Excerpted records.
□ □ □

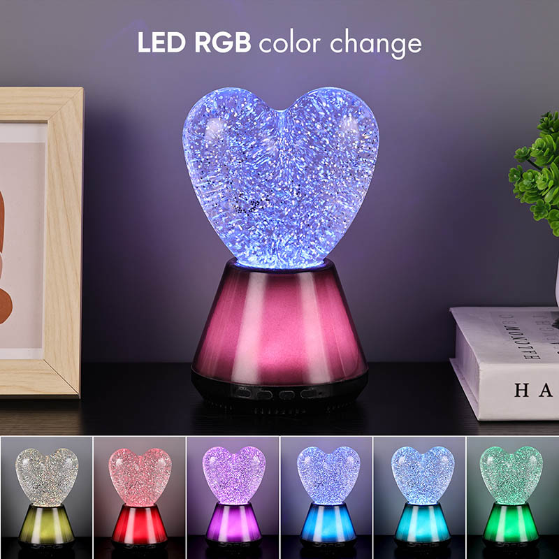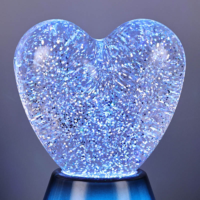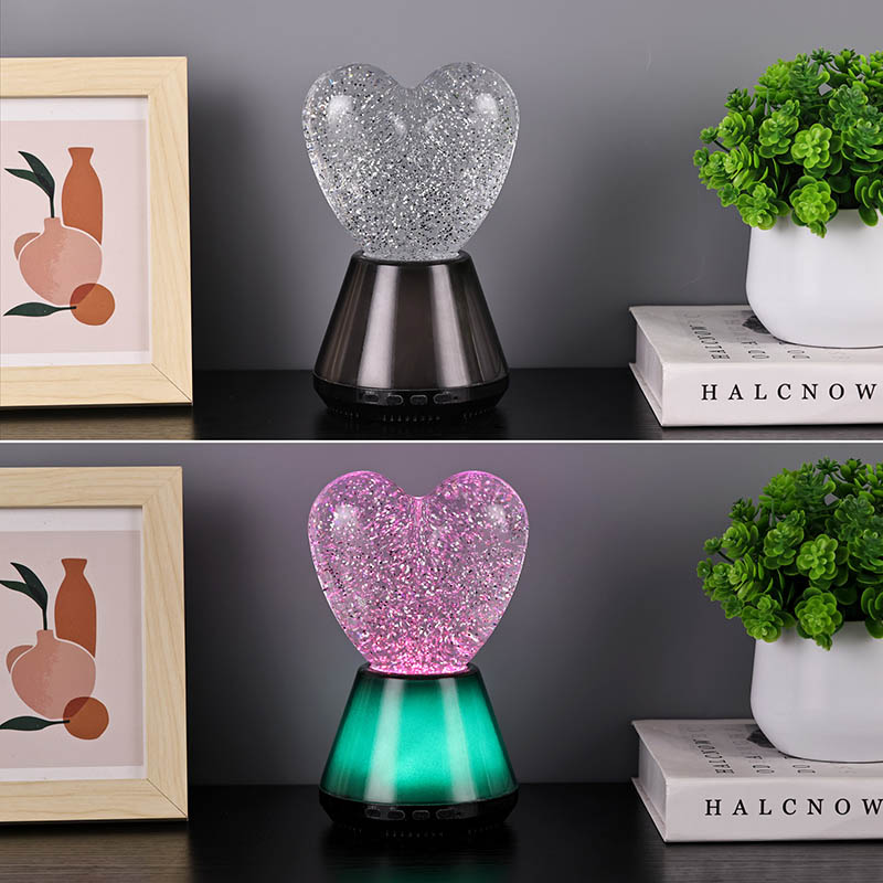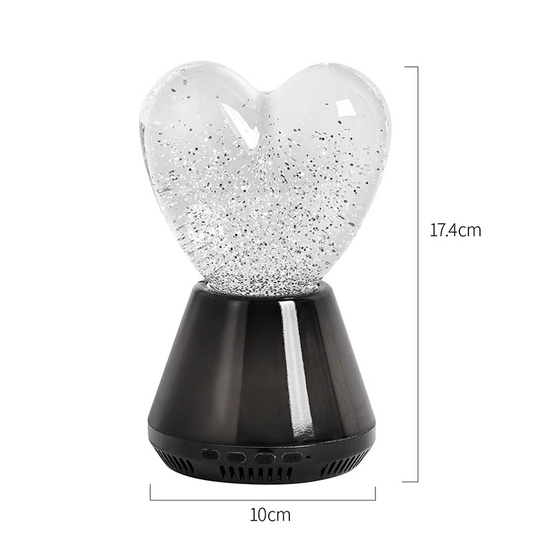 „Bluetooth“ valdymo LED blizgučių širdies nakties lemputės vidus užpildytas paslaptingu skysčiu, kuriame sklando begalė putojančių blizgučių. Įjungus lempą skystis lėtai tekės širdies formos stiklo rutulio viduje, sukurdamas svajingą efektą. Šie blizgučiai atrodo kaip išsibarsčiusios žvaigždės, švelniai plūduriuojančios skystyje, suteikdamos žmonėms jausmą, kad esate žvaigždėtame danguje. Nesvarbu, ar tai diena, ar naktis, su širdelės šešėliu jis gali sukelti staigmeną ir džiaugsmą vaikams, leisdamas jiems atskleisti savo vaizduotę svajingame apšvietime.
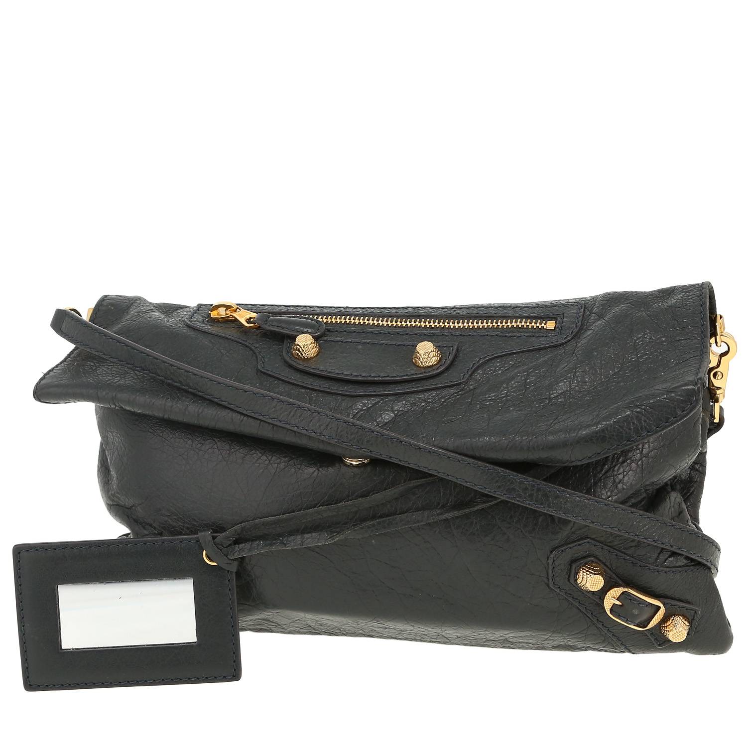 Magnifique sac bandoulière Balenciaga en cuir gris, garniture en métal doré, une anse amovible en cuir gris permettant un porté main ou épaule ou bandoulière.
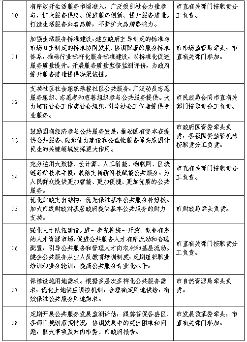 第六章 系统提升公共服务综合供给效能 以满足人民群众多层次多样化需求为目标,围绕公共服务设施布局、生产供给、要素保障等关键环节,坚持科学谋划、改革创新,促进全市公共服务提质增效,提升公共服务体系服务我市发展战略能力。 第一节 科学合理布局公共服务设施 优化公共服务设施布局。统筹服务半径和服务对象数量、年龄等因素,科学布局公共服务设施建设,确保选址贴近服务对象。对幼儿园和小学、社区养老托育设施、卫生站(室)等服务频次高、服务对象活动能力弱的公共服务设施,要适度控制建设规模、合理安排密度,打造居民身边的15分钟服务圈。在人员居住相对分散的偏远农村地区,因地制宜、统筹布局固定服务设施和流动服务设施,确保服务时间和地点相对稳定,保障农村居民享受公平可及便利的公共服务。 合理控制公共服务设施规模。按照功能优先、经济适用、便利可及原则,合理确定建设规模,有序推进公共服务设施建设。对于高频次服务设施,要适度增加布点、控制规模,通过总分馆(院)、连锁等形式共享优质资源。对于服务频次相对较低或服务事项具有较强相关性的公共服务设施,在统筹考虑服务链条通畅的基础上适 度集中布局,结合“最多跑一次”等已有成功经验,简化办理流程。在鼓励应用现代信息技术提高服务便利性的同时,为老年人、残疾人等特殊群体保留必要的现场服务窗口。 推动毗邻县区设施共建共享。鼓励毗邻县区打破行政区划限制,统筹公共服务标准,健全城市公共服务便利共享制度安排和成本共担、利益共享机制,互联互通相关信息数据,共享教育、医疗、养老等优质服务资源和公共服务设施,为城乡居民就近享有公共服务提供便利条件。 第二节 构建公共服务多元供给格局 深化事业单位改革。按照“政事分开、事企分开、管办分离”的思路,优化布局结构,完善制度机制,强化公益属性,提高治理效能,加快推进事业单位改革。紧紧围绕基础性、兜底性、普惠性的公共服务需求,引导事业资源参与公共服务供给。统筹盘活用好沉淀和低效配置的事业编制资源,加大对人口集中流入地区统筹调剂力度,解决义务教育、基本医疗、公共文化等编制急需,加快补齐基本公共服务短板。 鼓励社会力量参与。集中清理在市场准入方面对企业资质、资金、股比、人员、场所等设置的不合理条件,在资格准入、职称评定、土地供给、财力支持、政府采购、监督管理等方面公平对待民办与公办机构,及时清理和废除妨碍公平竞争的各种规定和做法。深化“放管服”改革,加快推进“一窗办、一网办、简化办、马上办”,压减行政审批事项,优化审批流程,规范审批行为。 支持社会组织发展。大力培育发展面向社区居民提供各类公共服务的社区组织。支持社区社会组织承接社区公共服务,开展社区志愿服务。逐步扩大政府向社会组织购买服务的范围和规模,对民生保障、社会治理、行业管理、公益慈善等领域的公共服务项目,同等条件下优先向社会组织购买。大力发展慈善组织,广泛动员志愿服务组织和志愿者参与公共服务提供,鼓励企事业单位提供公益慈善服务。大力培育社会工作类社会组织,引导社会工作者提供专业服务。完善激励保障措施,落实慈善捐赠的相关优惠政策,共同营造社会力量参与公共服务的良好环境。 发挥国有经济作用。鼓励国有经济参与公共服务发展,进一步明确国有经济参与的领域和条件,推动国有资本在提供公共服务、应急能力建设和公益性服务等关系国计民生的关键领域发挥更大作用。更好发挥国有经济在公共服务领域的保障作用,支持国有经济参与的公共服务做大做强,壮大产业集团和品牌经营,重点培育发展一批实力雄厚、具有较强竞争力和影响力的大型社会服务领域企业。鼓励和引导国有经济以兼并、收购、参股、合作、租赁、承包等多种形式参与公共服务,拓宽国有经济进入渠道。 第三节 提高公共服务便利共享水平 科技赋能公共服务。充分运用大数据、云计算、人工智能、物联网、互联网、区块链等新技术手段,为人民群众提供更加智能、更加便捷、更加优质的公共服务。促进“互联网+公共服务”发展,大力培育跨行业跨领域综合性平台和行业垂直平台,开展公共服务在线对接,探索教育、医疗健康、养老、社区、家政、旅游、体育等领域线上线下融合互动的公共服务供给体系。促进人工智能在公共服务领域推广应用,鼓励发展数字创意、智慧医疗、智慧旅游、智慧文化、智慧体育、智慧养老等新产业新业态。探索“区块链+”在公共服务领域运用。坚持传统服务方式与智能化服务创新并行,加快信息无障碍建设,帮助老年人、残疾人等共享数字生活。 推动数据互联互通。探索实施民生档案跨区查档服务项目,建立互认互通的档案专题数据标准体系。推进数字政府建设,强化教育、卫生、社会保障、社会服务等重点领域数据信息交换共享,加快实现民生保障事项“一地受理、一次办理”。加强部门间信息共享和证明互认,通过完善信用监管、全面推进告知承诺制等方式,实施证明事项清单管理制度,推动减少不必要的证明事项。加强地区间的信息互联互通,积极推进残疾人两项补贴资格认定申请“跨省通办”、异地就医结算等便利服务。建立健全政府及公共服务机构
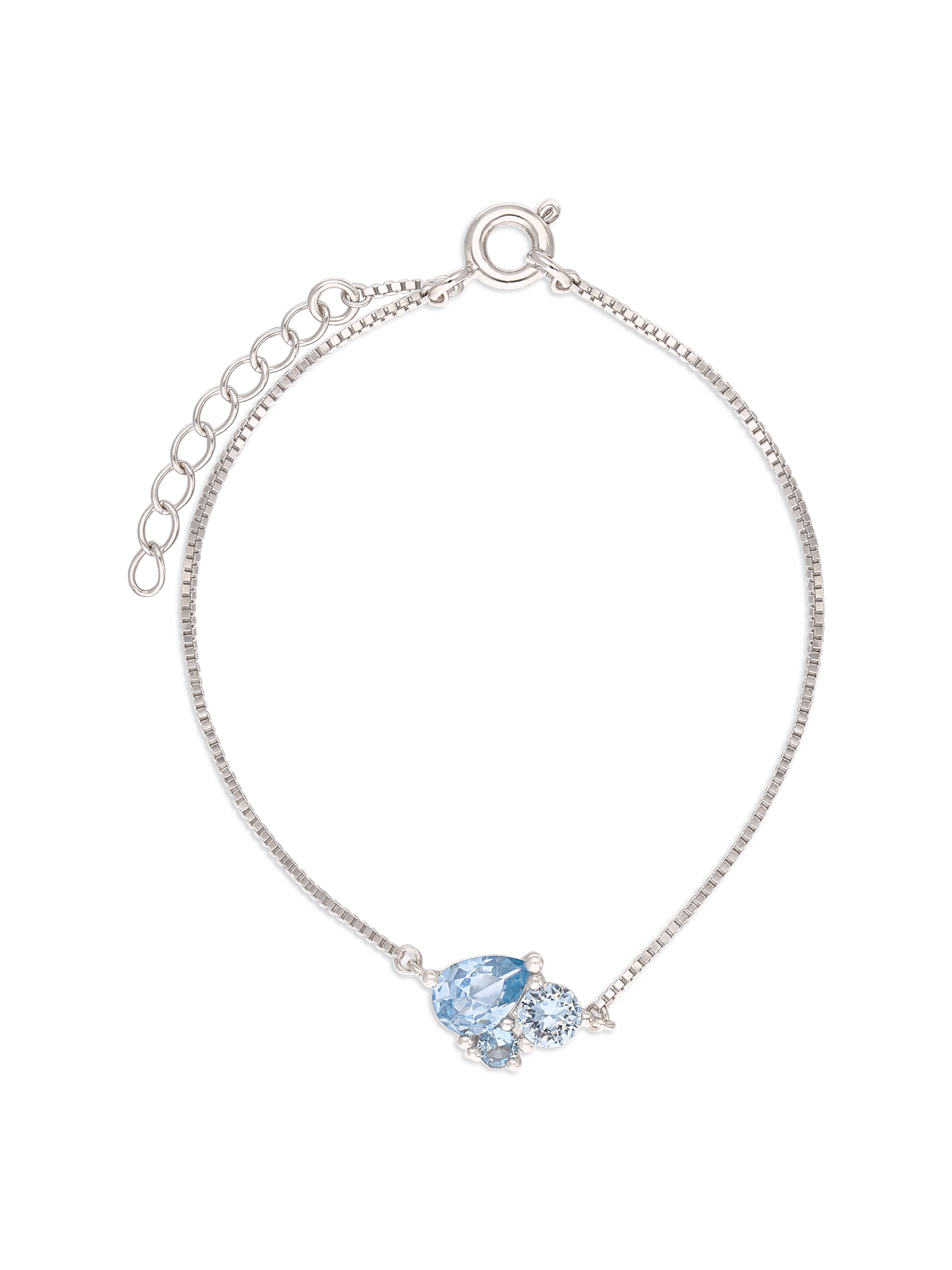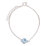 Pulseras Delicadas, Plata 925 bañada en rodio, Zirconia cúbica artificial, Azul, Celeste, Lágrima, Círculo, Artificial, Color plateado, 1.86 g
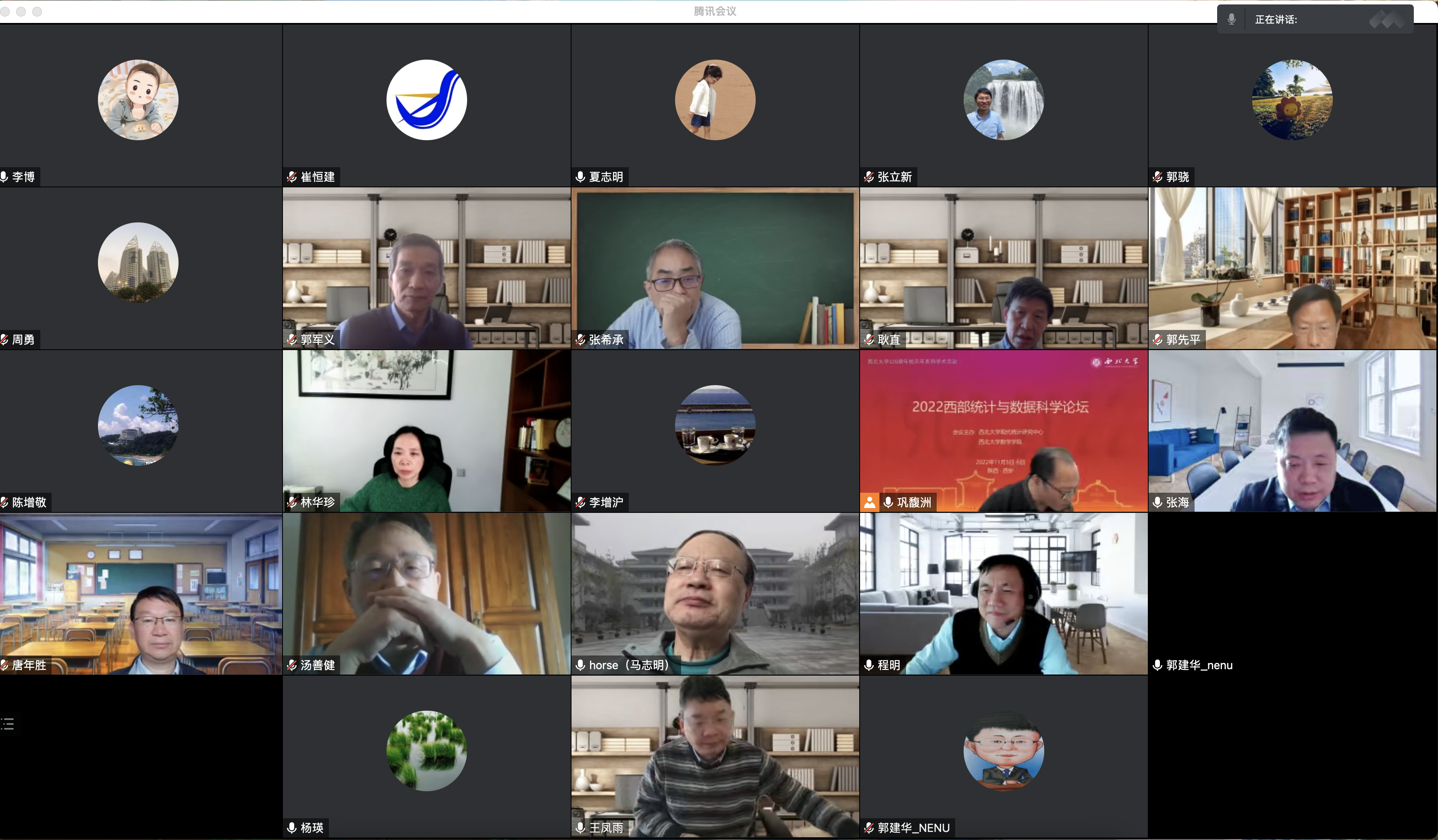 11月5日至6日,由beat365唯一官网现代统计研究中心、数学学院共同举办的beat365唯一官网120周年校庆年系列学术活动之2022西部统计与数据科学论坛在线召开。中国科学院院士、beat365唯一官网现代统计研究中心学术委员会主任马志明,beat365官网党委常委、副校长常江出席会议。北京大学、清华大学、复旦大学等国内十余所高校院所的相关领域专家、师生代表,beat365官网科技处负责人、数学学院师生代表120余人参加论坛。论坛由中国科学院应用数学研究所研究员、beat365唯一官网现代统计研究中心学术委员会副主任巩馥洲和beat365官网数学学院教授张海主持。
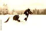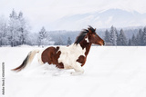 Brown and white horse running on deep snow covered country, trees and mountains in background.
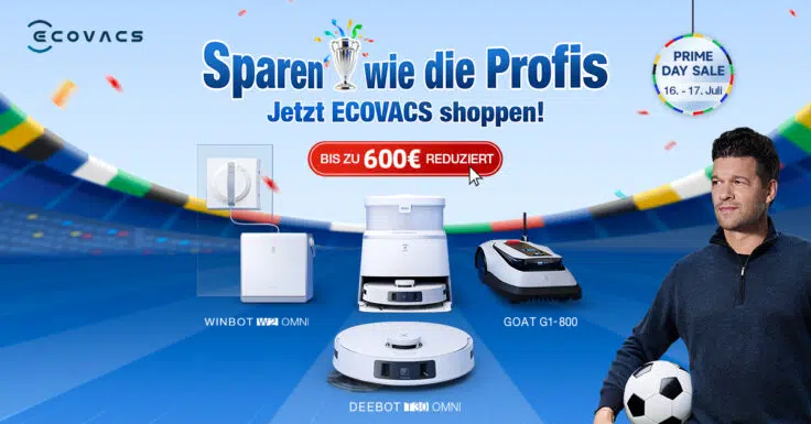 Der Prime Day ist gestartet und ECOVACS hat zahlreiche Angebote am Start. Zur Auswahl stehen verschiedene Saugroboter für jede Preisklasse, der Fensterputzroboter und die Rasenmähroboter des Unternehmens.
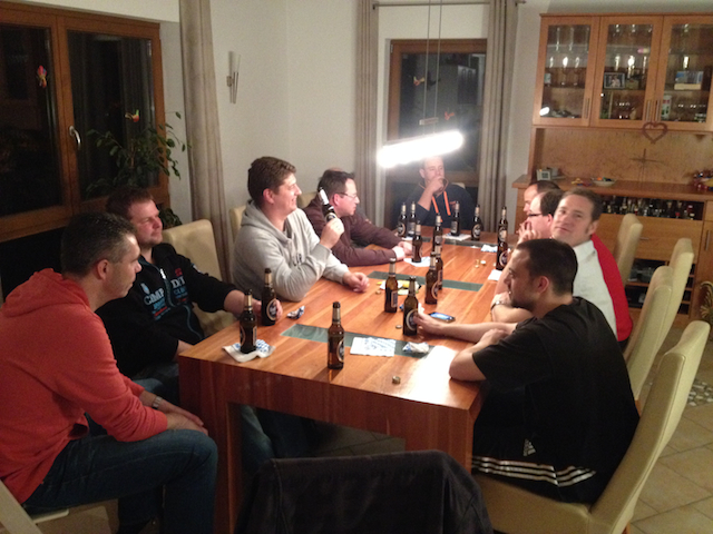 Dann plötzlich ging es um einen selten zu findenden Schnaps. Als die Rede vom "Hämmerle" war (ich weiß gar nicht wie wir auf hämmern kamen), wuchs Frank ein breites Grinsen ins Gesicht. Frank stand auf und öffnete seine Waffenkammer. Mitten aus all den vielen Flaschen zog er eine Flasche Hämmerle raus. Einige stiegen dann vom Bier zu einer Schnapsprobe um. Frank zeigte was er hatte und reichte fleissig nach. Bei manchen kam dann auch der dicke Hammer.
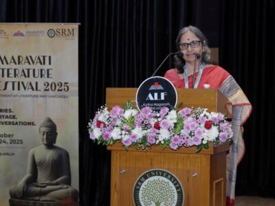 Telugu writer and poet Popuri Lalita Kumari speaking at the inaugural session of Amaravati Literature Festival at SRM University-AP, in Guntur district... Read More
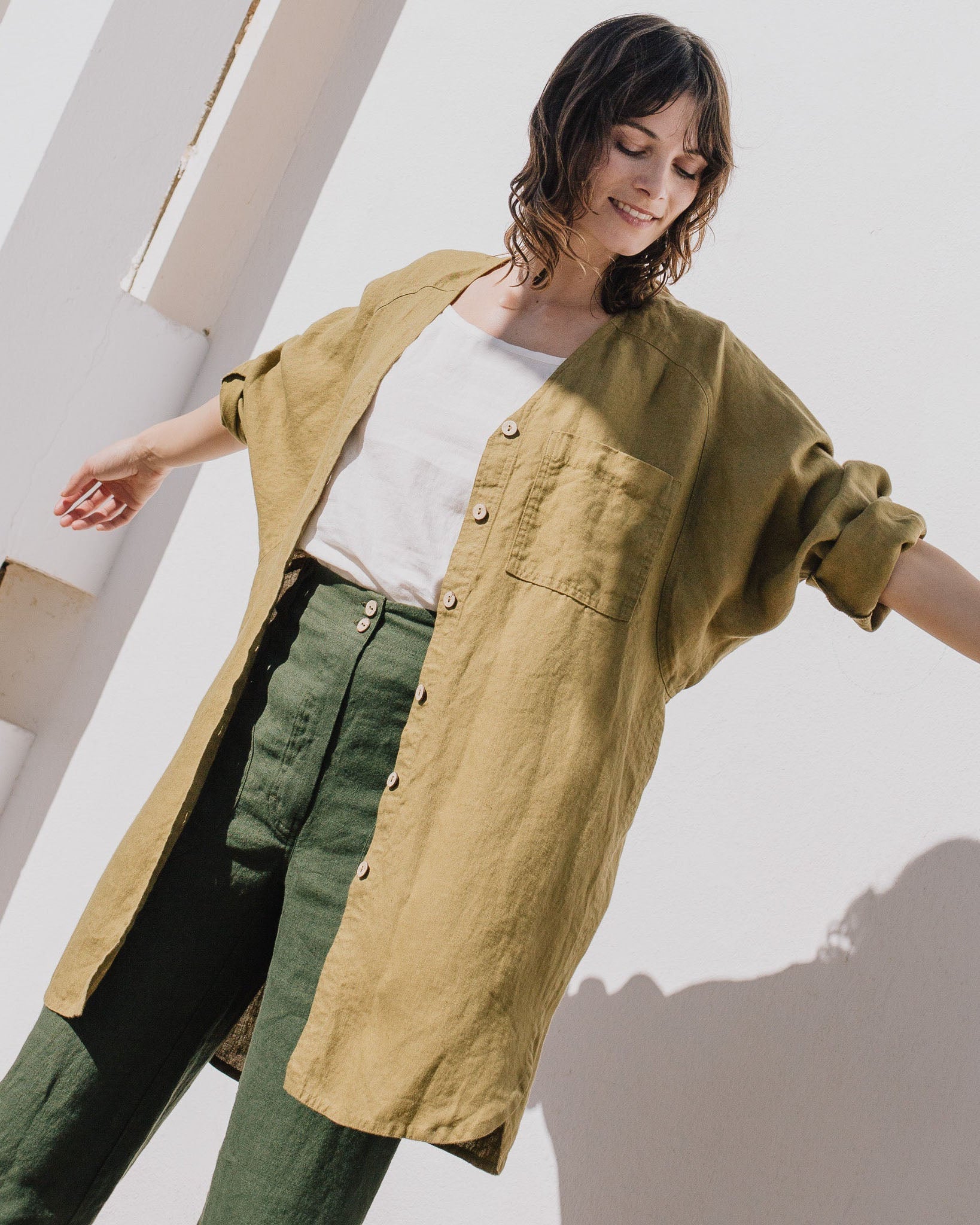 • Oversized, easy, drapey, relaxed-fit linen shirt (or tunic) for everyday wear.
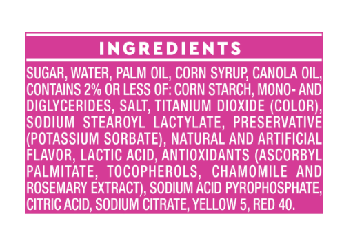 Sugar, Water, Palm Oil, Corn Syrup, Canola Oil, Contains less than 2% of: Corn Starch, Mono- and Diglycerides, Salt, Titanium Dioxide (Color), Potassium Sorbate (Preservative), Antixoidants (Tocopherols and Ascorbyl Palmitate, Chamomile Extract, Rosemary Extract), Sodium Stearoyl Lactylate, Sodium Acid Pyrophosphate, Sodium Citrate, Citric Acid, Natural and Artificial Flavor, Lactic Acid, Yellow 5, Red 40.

□ □ □

Assignment.
Extract the lines exactly, please: the first line of the listing, the line with "Magnifique sac bandoulière", and every line between them, but no pictures.

Output.
 „Bluetooth“ valdymo LED blizgučių širdies nakties lemputės vidus užpildytas paslaptingu skysčiu, kuriame sklando begalė putojančių blizgučių. Įjungus lempą skystis lėtai tekės širdies formos stiklo rutulio viduje, sukurdamas svajingą efektą. Šie blizgučiai atrodo kaip išsibarsčiusios žvaigždės, švelniai plūduriuojančios skystyje, suteikdamos žmonėms jausmą, kad esate žvaigždėtame danguje. Nesvarbu, ar tai diena, ar naktis, su širdelės šešėliu jis gali sukelti staigmeną ir džiaugsmą vaikams, leisdamas jiems atskleisti savo vaizduotę svajingame apšvietime.
 Magnifique sac bandoulière Balenciaga en cuir gris, garniture en métal doré, une anse amovible en cuir gris permettant un porté main ou épaule ou bandoulière.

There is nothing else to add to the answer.